1.2      STATEMENT OF THE PROBLEM

In this era of technological change and advancement, vigorous global and domestic competition, and enormously expanding information processing capabilities, management accounting systems are not providing useful, timely information for the process control, product costing, and performance evaluation activities of managers (Johnson and Kamplan, 1987). Until the 1980s, the valuation of a typical company was approximately equal to its book value. This was as a result of a company’s earning capability was strongly tied to its tangible assets. However, an increasing portion of earnings has been driven by a company’s human capital. Even in manufacturing businesses that continue to rely heavily on tangible assets, the ability to optimize the performance of these assets is increasingly seen as being driven by the innovation and creativity of the workforce. While these kinds of knowledge assets can be extremely productive, they are invisible in traditional reporting. It is in view of this that the researcher intend to investigate the effectiveness of financial accounting and reporting on management decision making.

1.3      OBJECTIVE OF THE STUDY

The main objective of this study is to ascertain the effectiveness of financial accounting and reporting on management decision making. For the successful completion of the study, the researcher intend to achieve the following sub-objective;

i)             To ascertain the effectiveness of financial accounting in management decision making

ii)           To investigate the impact financial reporting on management decision making

iii)          To investigate the relationship between financial reporting and management decision making

iv)         To examine the effectiveness of financial accounting and reporting as a tool for management decision making

1.4      RESEARCH HYPOTHESES

To aid the completion of the study, the researcher formulated the following research hypotheses

H0: financial reporting does not have any significant impact on management decision making;

H1: financial reporting has a significant impact on management decision making

H02: there is no significant relationship between financial reporting and management decision making

H2: there is a significant relationship between financial reporting and management decision making

1.5      SIGNIFICANCE OF THE STUDY

It is believed that at the completion of the study, the findings will be of great importance to the management of organization as the study seek to explore the benefit of management reliance on the financial information presented by the finance unit or accountant. The study will also be of important to the accounting unit and accounting profession as the study seek to stress the usefulness of accounting information to the management, staff, investors, potential investors, and the general public.  The study will also be of great importance to student who intend to embark on a study in similar topic as the findings of the study will serve as a pathfinder to them. Finally the study will be of great importance to students, teachers and the general public as the finding will add to the pool of existing literature.

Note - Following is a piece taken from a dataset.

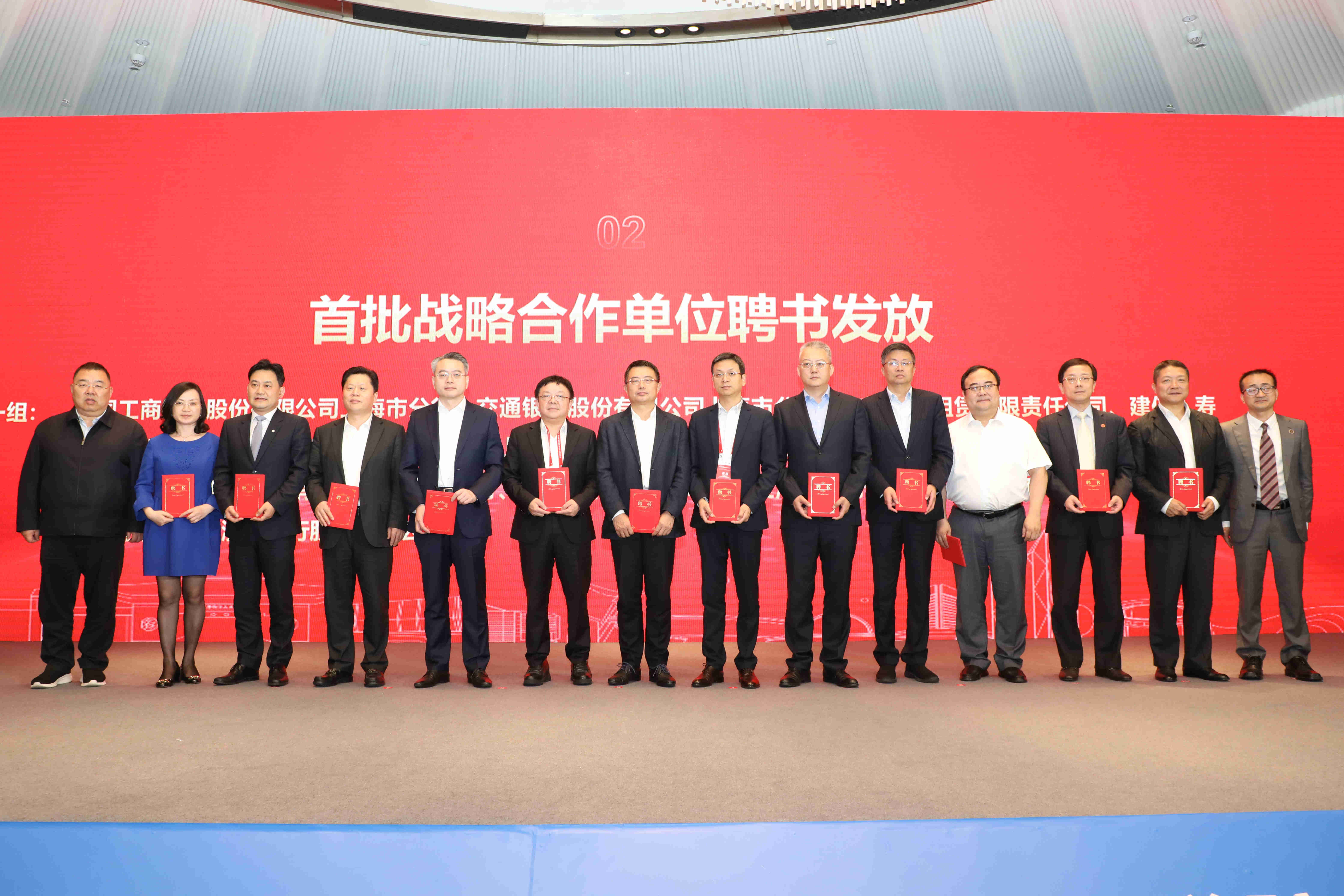 上海市临港新片区党工委副书记袁国华与上海财经大学校长、滴水湖高级金融学院院长刘元春共同为首批战略合作单位发放聘书之二本网记者 查建国/摄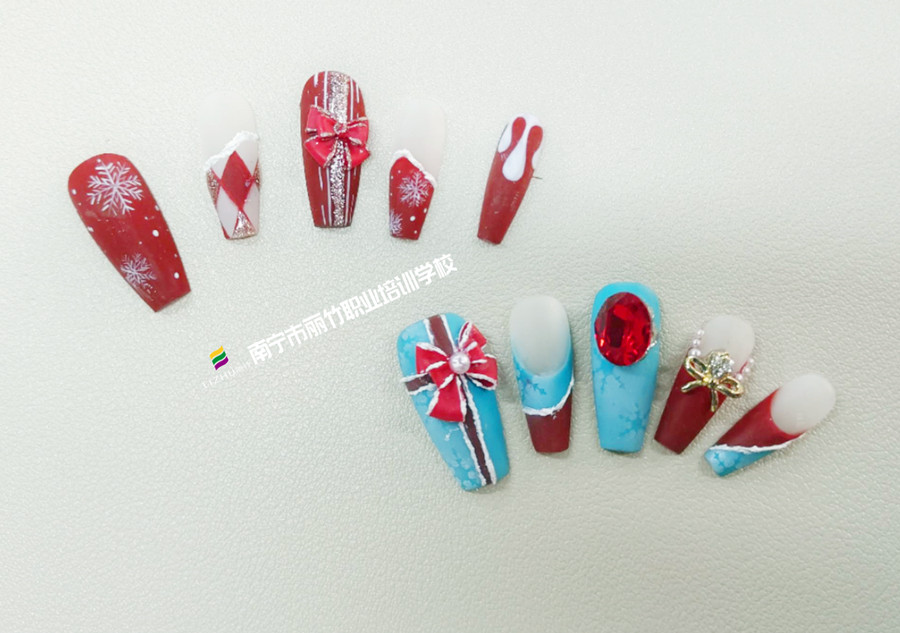 廣西美甲教育、廣西美甲培訓(xùn)中心:說(shuō)起圣誕節(jié)主題美甲的元素,不如現(xiàn)在就像廣西南寧美甲款式進(jìn)修班(麗竹美甲款式進(jìn)修)的同學(xué)們一樣,在甲面上畫(huà)出自己喜歡的圣誕美甲元素吧!美甲是一門(mén)受用一 生的技術(shù),如果你想在廣西學(xué)美甲技能,想知道廣西美甲培訓(xùn)哪里學(xué)費(fèi)便宜?那麗竹學(xué)校正在進(jìn)行的招生優(yōu)惠活動(dòng)千萬(wàn)不要錯(cuò)過(guò)啦。

1.6      SCOPE AND LIMITATION OF THE STUDY

The scope of the study covers the effectiveness of financial accounting and reporting on management decision making; but in the cause of the study, the management encounters some constrain which limited the scope of the study;

a)     AVAILABILITY OF RESEARCH MATERIAL: The research material available to the researcher is insufficient, thereby limiting the study.

b)     TIME: The time frame allocated to the study does not enhance wider coverage as the researcher has to combine other academic activities and examinations with the study.

c)     FINANCE: The finance available for the research work does not allow for wider coverage as resources are very limited as the        researcher has other academic bills to cover

1.7 DEFINITION OF TERMS

Accounting

Accounting is the systematic and comprehensive recording of financial transactions pertaining to a business, and it also refers to the process of summarizing, analyzing and reporting these transactions to oversight agencies and tax collection entities.

Financial reporting

Financial reporting is the process of producing statements that disclose an organization’s financial status to management, investors and the government.

Financial accounting

Financial accounting is a specialized branch of accounting that keeps track of a company’s financial transactions. Using standardized guidelines, the transactions are recorded, summarized, and presented in a financial report or financial statement such as an income statement or a balance sheet.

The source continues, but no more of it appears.